03-19-2015 06:02 AM
I've got a bit of a headscratcher here:
I have the following phenomenon on an AIX TSM server:
A TSM admin is complaining about poor backup storage pool performance.
The performance isn't terrible (+/- 150MB/s) but the TSM admin is expecing something more along the lines of 400 MB/s.
I was asked to have a look on the SAN side to identify any possible underlying SANissues that could cause this.
Data is being copied from library A to library B via 2 HBAs on TSM server X.
Tape drives are LTO6.
The data traverses over ISLs and DWDMs.
I have already checked for congestion on the ISLs and DWDMs, there is none, the lines are not saturated at all.
The TSM server has 2 8G HBAs dedicated for this traffic (tape traffic only), there is also no congestion/saturation on the 2 fixed speed 8G SAN ports that connect to these 2 HBAs.
However, when I check the portstats for the 2 SAN ports that connect to to these 2 TSM server HBAs, I see a constant high increase in the "tim_txcrd_z" counter value.
When I look at the portstats of the ports connecting to the tape drives themselves, I see no issues whatsoever, counters are all very clean.
To completely rule out the possibility of buffer credit starvation on the ISL links, during a maintenance window, I have doubled the amount of buffer credits:
- With the portcfgeportcredits command for normal ISLs
- With the portcfglongdistance command for LS-ports (by doubling the distance)
This did not at all change anything, the situation is still exactly the same.
I don't feel that there is much more that I could investigate from a SAN perspective.
I feel like the problem is probably situated at server level (AIX OS level or TSM application level).
However, the only observation that I can make on the SAN side is that the tim_txcrd_z counter constantly goes up with big numbers on the F_Ports that connect to the 2 server HBAs that handle the tape traffic, and I can't really explain why.
Could this be caused by a bottleneck on the TSM (AIX) server itself?
Any ideas are welcome :)
03-19-2015 08:08 AM
I have encountered the same type of a problem within our data center no long distance ISL's involved.

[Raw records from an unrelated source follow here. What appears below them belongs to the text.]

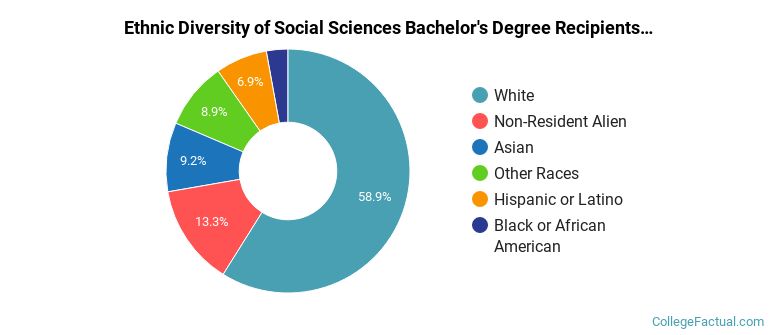 During the 2021-2022 academic year, 1,049 students graduated with a bachelor's degree in social sciences from U-M. About 56% were men and 44% were women.
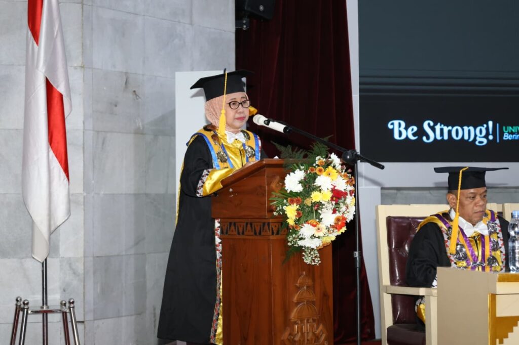Rektor Unila Prof. Lusmeilia Afriani dalam sambutannya berharap agar para guru besar yang baru dikukuhkan dapat terus memberikan kontribusi nyata bagi universitas dan masyarakat.
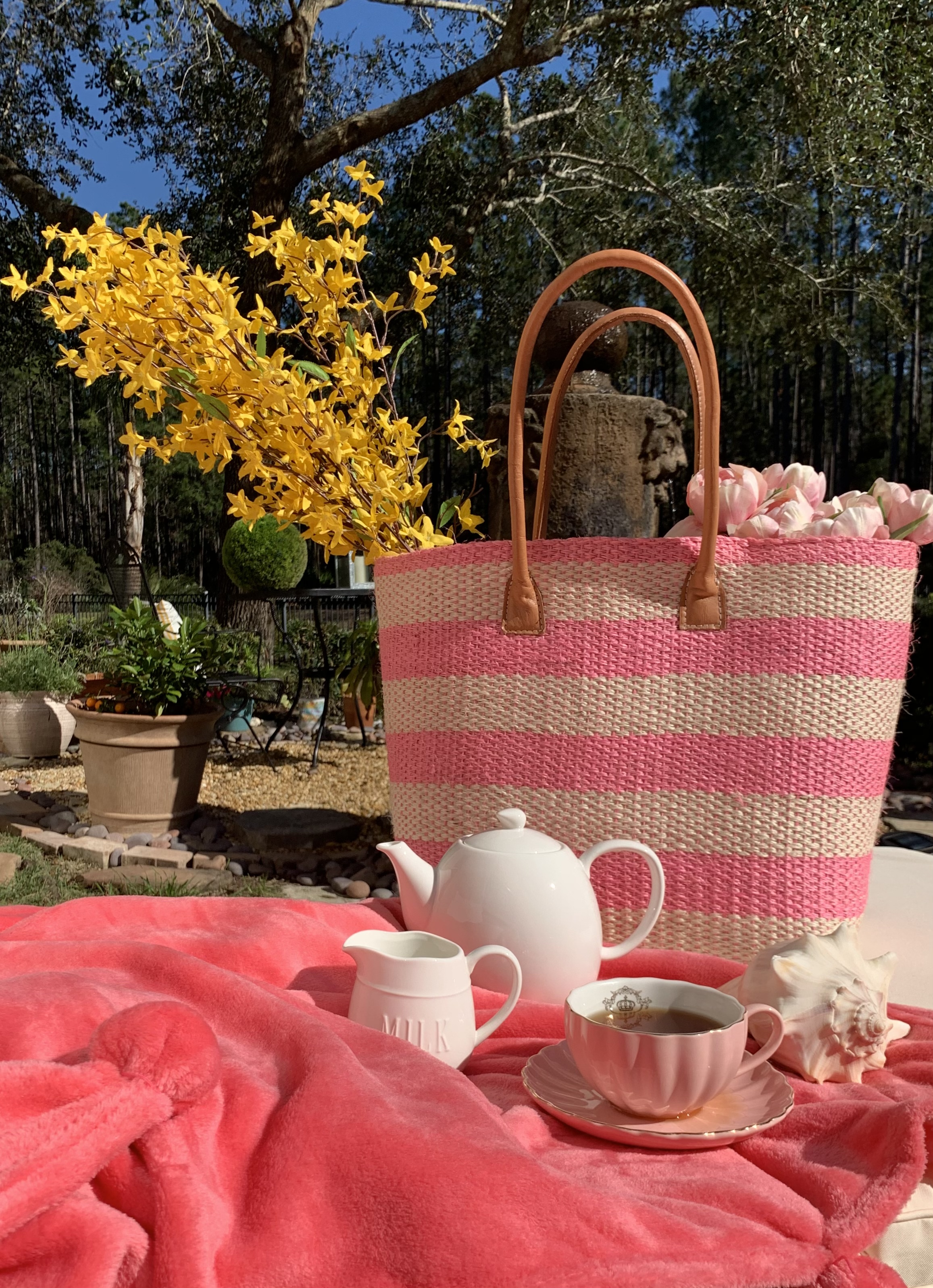 At my pink home, the March garden is full of color and gentle blooms that fare well in the milder temperatures of early Spring (in August the gardens look very different). Foliage plays a central role in my Spring garden too, with chartreuse greens unfurling in fiddlehead ferns and new leaves emerging on citrus trees. Do you see daffodils? Robins? Forsythia buds? Let us go out and put our faces to the sun, for all the woods are waking.
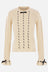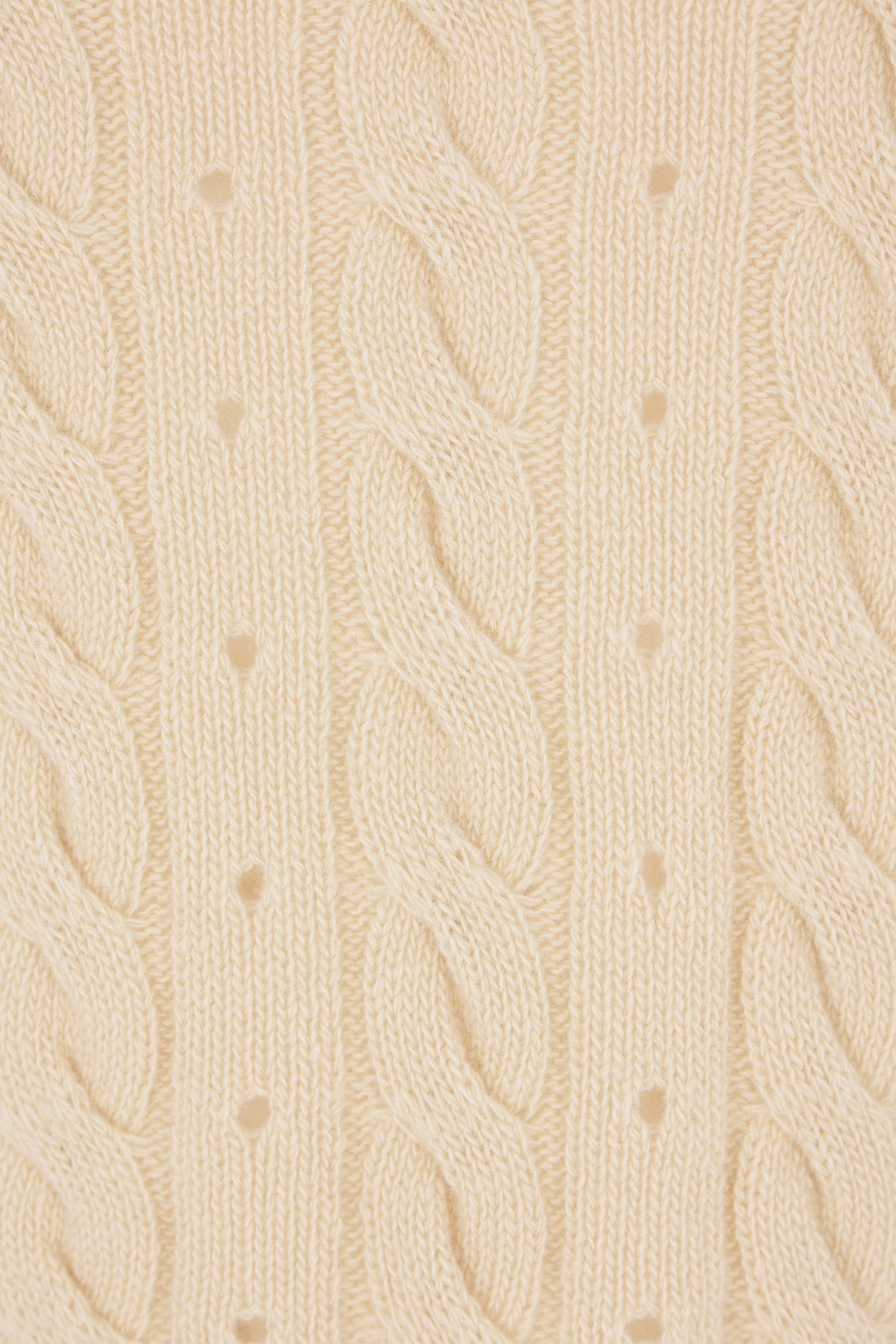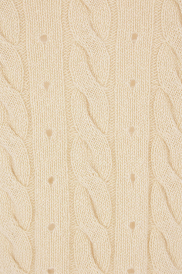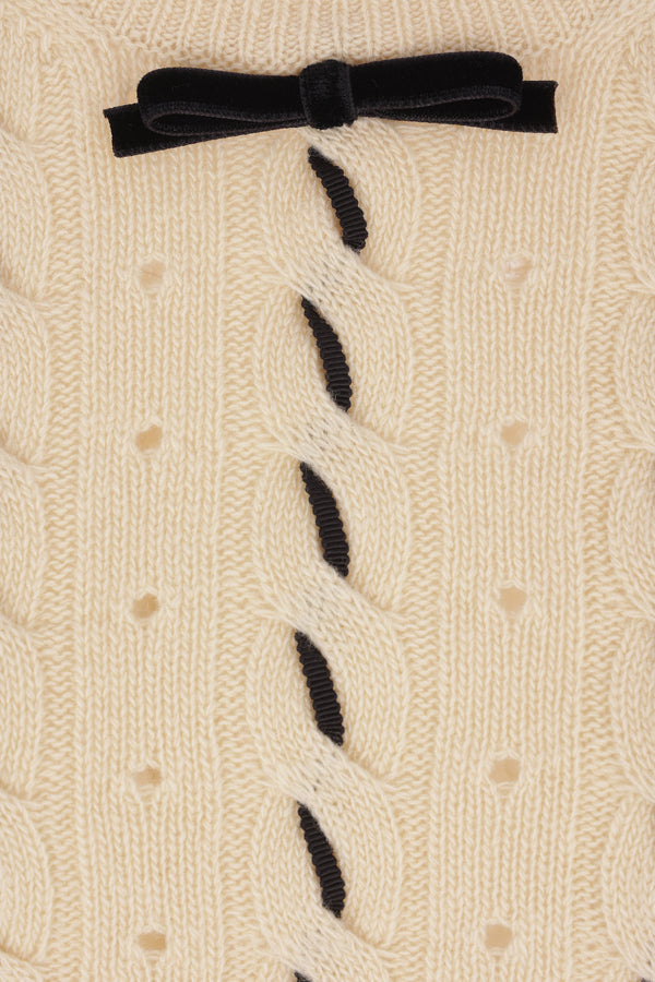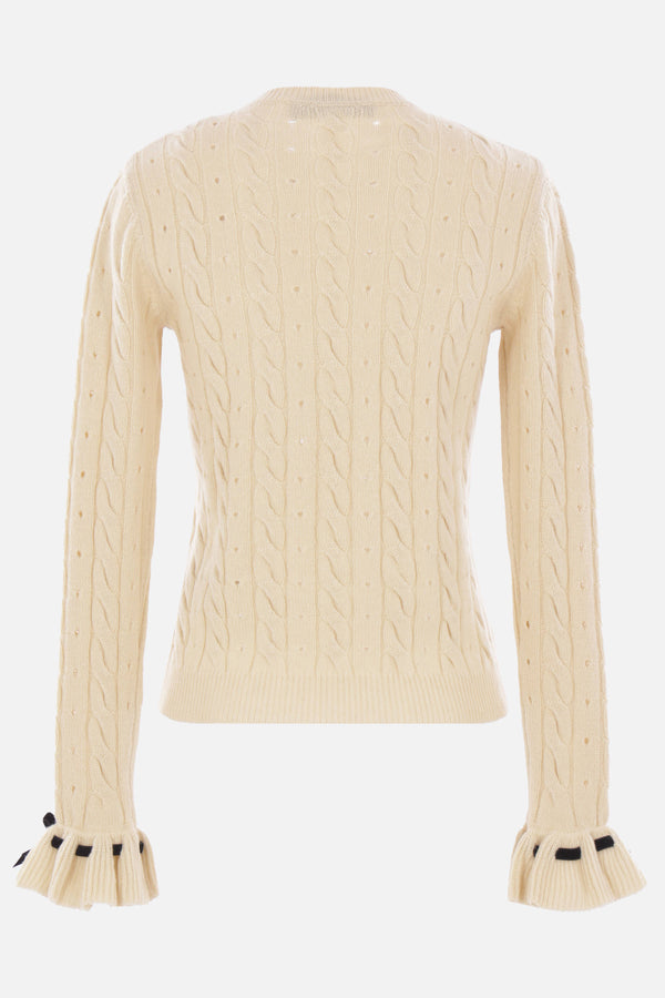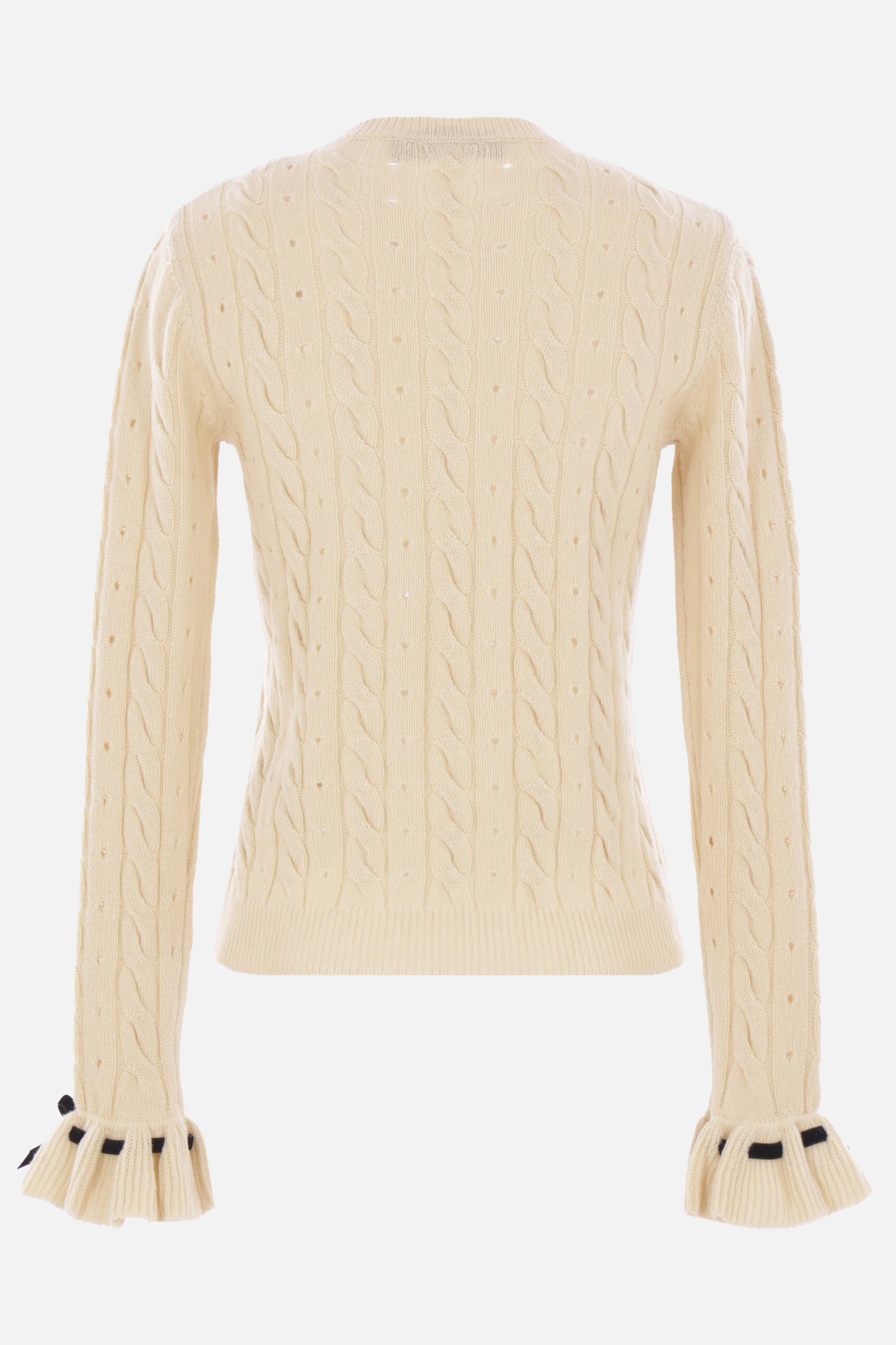 Valentino Garavani sweater crafted from ivory cable-knit wool with contrasting grosgrain ribbons. Featuring a crew neckline, long sleeves, ruffled cuffs, and ribbed trims. The design is completed with velvet bows adorning the cuffs and collar.
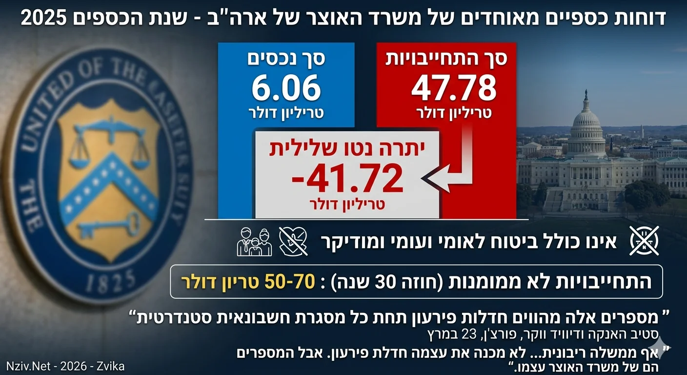 הדוחות הכספיים המאוחדים של משרד האוצר של ארצות הברית לשנת הכספים 2025 מדווחים על סך נכסים של 6.06 טריליון דולר לעומת סך התחייבויות של 47.78 טריליון דולר.
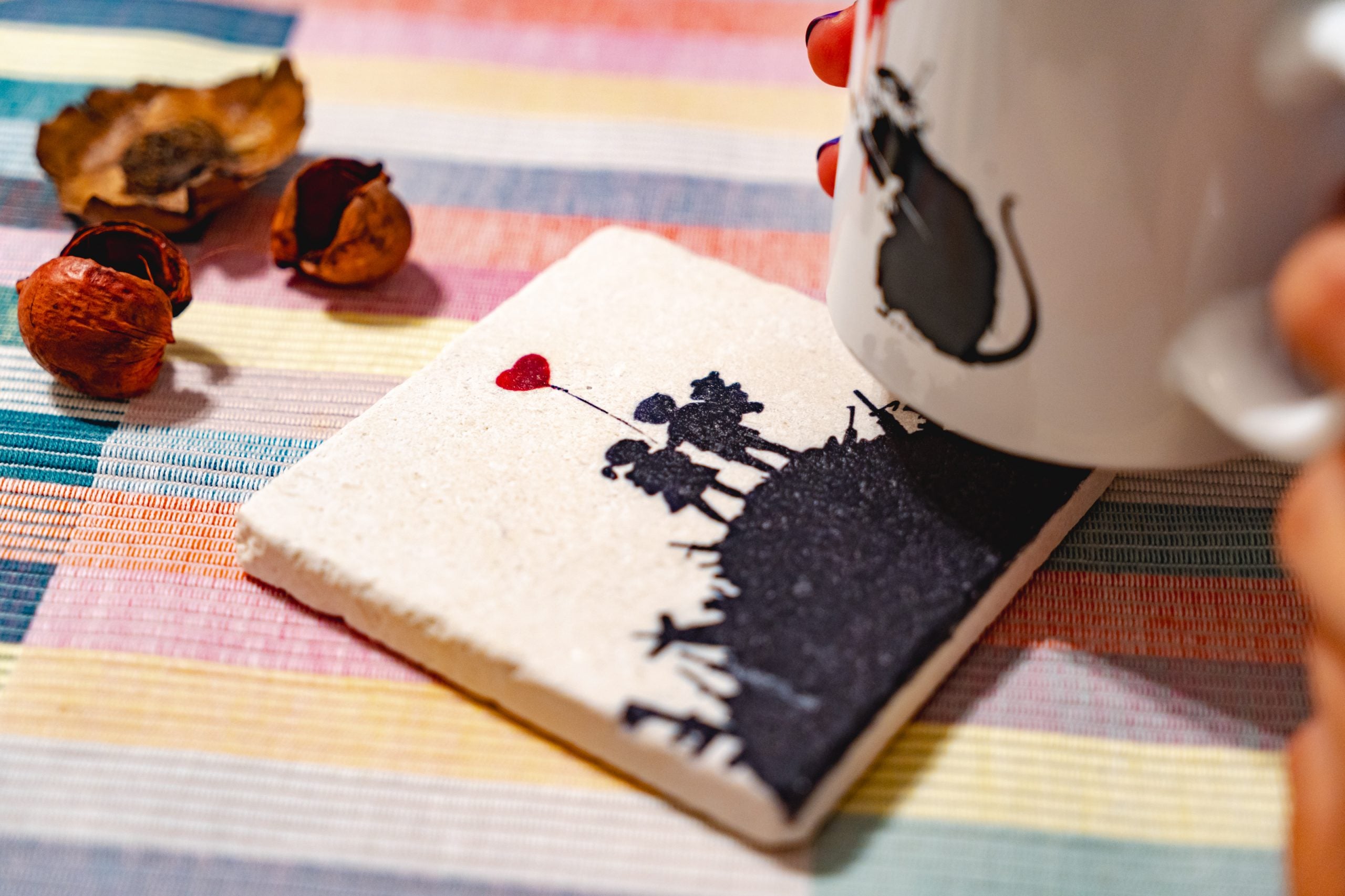 Diese Untersetzer sind aus hochwertigem, strapazierfähigem Material gefertigt, das gegen Flüssigkeit und Flecken beständig ist. Sie bieten eine praktische und ästhetische Lösung. Wenn Sie Farbe in Ihr Zuhause oder Büro bringen und gleichzeitig eine starke künstlerische Aussage teilen möchten, dann sind diese Untersetzer eine hervorragende Wahl.
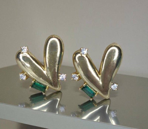 Mooie oorknopjes van hartjes met groene steen en zirkonia kristal. Materiaal, 18K goldplated, top kwaliteit.
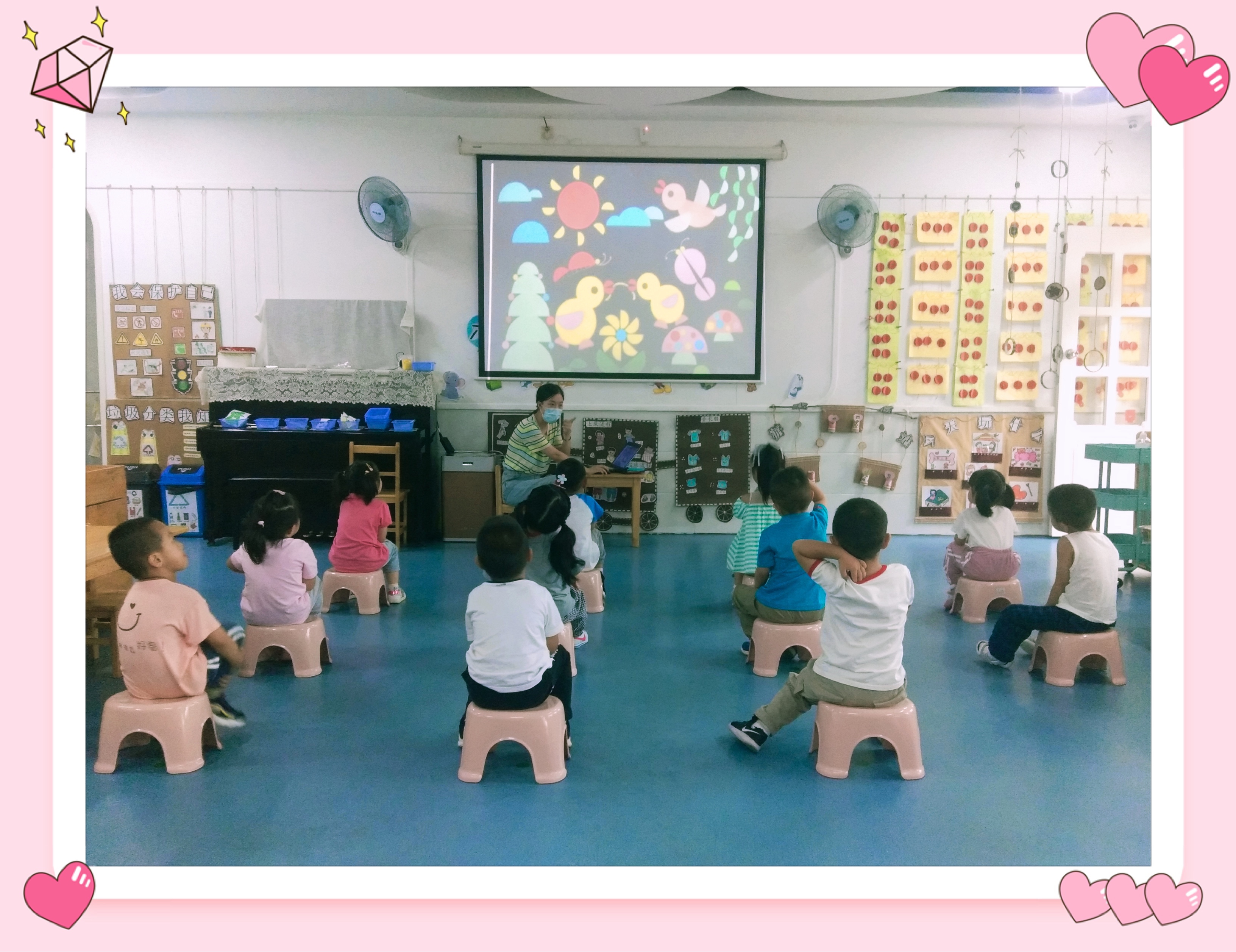 本周,我们开展了一节数学活动:好玩的拼图。活动一开始,通过游戏“猜猜看”导入,复习对三角形,正方形,圆形的认识。有的小朋友说:“这个圆形宝宝和太阳公公的形状一样。”有的小朋友说:“这个正方形宝宝和桌子的形状一样。”孩子们对图形宝宝充满了兴趣。
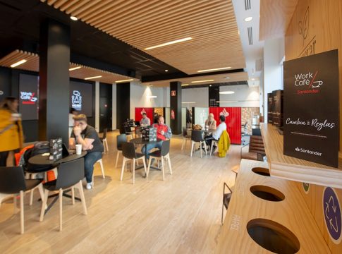 La expansión internacional de estas megasucursales se completó a finales de 2020 con la apertura de la sucursal de Estados Unidos, en el distrito de Brooklyn de la ciudad de Nueva York. El espacio neoyorquino sirve como un lugar de reunión y ofrece eventos gratuitos, networking y programación diseñados para ayudar a las empresas locales. Aunque la sucursal está abierta para todos, los clientes de Santander tienen un descuento exclusivo del 30% en bebidas artesanales compradas con una tarjeta de crédito o débito del Banco. “Tiene una calificación de cinco estrellas en Google. Si lees las reseñas, encontrarás decenas de comentarios sobre cómo nuestro equipo va más allá para que todos sean bienvenidos”, señalaba hace unos días Ana Botín en Linkedin. Y añadía: “Cada Work Café está diseñado para satisfacer las necesidades de sus clientes locales. En Brooklyn, esto significa que el espacio se centra en el coworking. Los jóvenes empresarios vienen aquí para dirigir sus negocios, desarrollar ideas y obtener asesoramiento o capacitación”.
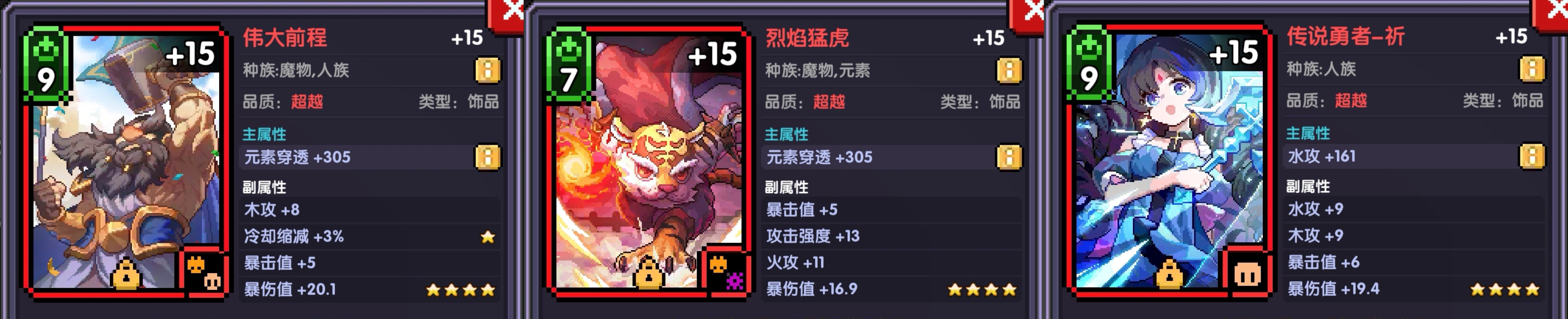 三条属性中优先属攻、伤增。
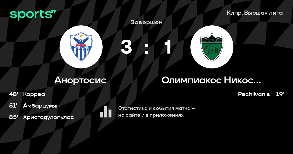 Анортосис – Олимпиакос Никосия: Олимпиакос Никосия побеждает в 3 последних очных матчах в турнире «Кипр. Высшая лига»

The problem turned out to be the one of the tapes drives wonderful slow draining device. The problem I had finally resulted in discarded c3 frames which helped to isloate the problem. I would be something to dig into.
03-23-2015 08:04 AM
you might wanna have a look at additional options you can set on that port
i had to add ostp option (open systems tape pipelining) and also had to set the fastwrite option (to my 360k san over ip connection)
here you can find additional infos
i need to go but will check back tomorrow if my answer was what you have been looking for or if additonal question arise
04-02-2015 12:46 AM
Thanks a lot for the suggestions.
I've checked the information about ostp and fastwrite, but it seems that these are only to be used when using FCIP for extending the fabric?
We're not using FCIP though, we are using DWDM lines, so I don't think it can help in this case.
04-08-2015 08:03 AM
A constant increase of tim_txcrd_z counter in the ports connected to the TSM HBAs indicate that there are periods of times that the switch cannot send frames to the HBA because there are no BB credits available. If this behavior increases, it could lead to Tx discards on the port.
You can ask the TSM Admin to perform an independent backup on each of the tapes to check the throughput achieved during Write operations and the opposite one to check it out during READs. If he gets a better performance, I would point at the TSM server itself as the bottleneck since it has to read from the tape in Library A an write it to the tape in library B.